Further, as an optional implementation, the storage method further includes randomization of a DNA molecular chain at S6. Block S6 includes S61-S62:
Specifically, to ensure sufficient clutter of the finally generated target storage data, randomization is performed again on the basis of the DNA molecular chains generated in the previous block (that is, fountain code drop data), and the preset primer is converted to a decimal integer as a seed into a random generator to generate a random integer in a range of [0, 4T+N] and the random integer is converted into a corresponding base sequence (or a corresponding binary sequence), and performs XOR operation with the random generation times capacity and the data information, to randomize the stored information.
Due to homopolymer imbalance or GC content imbalance in DNA storage, an unpredictable error may occur in the DNA sequence generation, PCR amplification and sequencing phases, so that when the DNA chain is synthesized, the homopolymer should be judged, and the situation that continuous 4 bases are the same base is discarded. Then, homopolymer and GC content are detected on the full chain. If not satisfy the requirement (4 bases are required not the same bases), the chain is deleted.

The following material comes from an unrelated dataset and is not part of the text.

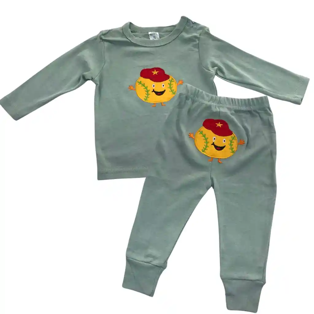 Conjunto para bebé de 3 a 6 meses, compuesto por camiseta de manga larga y pantalón a juego, confeccionado en tela suave y cómoda, ideal para la piel delicada del bebé. Su diseño en tono verde con bordado infantil alegre le da un estilo divertido, tierno y llamativo. La camiseta incluye broches en el hombro para facilitar el vestir y el pantalón cuenta con pretina elástica que brinda comodidad y libertad de movimiento. Perfecto para uso diario, descanso o salidas casuales.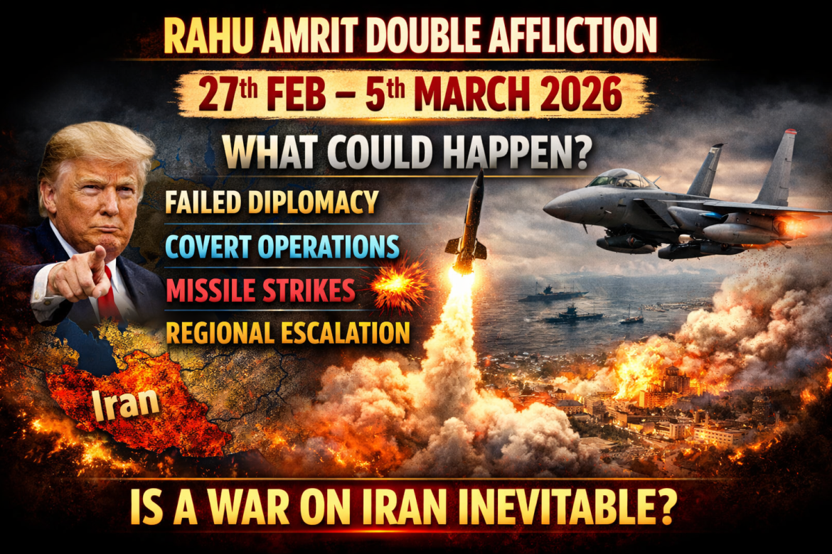 From 27th February to 5th March 2026, this double affliction indicates deception, sudden reversals, aggressive diplomacy, covert operations, and the possibility of unexpected military manoeuvres. When Rahu Amrit is disturbed in this manner, negotiations can collapse abruptly and strategic calculations may take a drastic turn.

At last, DNA sequence synthesis is performed on the screened DNA molecular chains to obtain and store target storage data.
In addition, the disclosure further provides a decoding method applied to the target storage data obtained by the method for data storage. The method includes:
The specific decoding process is as follow:
When data coding and storage are performed, preset primer information of DNA storage data and a data length for target storage data are known in advance. Meanwhile, a DNA sequence of the primer is also known. PCR amplification is performed according to primer information, and data is sequenced after amplification.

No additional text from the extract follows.